63. Digital, Data and Technology
Grazie!
Katy Arnold
Head of User Research and Design
Home Office
@katyarnie
Editor's Notes
Hello!
I work on government in the 21st century
The reality can often look like this.
I am part of the digital transformation of the UK government and this is the kind of challenge that we face every day.
Martha Lane-Fox (Lastminute.com) Revolution, not evolution
Her report in 2010 led to the creation of the Government Digital Service (GDS) and the start of UK Govt’s digital transformation.
It called for a revolution in digital service provision. A mandate for change.
GDS created a set of design principles. Note that the the first was:
1. Start with users
They closed all the department websites and created GOV.UK.
The Design Museum awarded it ‘Design of the year’ in 2013. It beat the London Olympic stadium.
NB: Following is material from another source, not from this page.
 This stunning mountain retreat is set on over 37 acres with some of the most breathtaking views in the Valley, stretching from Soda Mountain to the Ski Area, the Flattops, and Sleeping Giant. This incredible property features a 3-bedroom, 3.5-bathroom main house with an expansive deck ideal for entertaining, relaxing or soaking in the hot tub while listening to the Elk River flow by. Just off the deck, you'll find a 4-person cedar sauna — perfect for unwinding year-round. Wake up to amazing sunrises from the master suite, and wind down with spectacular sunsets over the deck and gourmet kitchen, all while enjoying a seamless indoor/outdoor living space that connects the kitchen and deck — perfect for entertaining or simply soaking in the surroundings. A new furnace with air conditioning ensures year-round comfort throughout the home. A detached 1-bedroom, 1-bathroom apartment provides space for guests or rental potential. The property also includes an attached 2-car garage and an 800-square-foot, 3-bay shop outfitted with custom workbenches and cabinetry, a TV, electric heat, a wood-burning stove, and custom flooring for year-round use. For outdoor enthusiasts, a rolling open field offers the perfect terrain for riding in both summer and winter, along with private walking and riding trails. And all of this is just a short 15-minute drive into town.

So, how do you make big organisations more user centric?
I am going to share some of the things we’ve done. Some that worked, some that didn’t work so well.
I will cover how I have left my mark in three key areas.
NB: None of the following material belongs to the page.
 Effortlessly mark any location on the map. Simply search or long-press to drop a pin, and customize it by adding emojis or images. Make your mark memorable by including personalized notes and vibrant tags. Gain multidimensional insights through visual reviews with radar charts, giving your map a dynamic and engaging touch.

1. My immediate team, 2. all the the rest of the people who work in the Home Office, 3. and the citizens we all serve.
1. The team
This is so important. I sometimes get this wrong – but it never pays off. Hire the best you can and don’t drop your standards when you are under pressure. This is really hard work and you will need really good people.
I always try to hire people who are better, cleverer, more ingenious and curious than I am. It means we get better work done, more quickly. The down side – I sometimes find it hard to set them stretch goals!
To attract good people, you must create an environment that they want to work in.
This has been really effective at the Home Office. I created specialisms of practice. So, we don’t talk about ‘UX’ - we talk about user research and interaction design. We do this because the user experience is everyone’s responsibility.
Then I started hiring content designers, and service designers, and now we have heads for each of those professions.
I wasn’t inventing these specialisms or this approach. It is aligns with the GDS guidance. I simply made sure they had a space to grow.
Next I set up a team to research people who are excluded. You can’t get your passport anywhere else – we can’t leave people behind.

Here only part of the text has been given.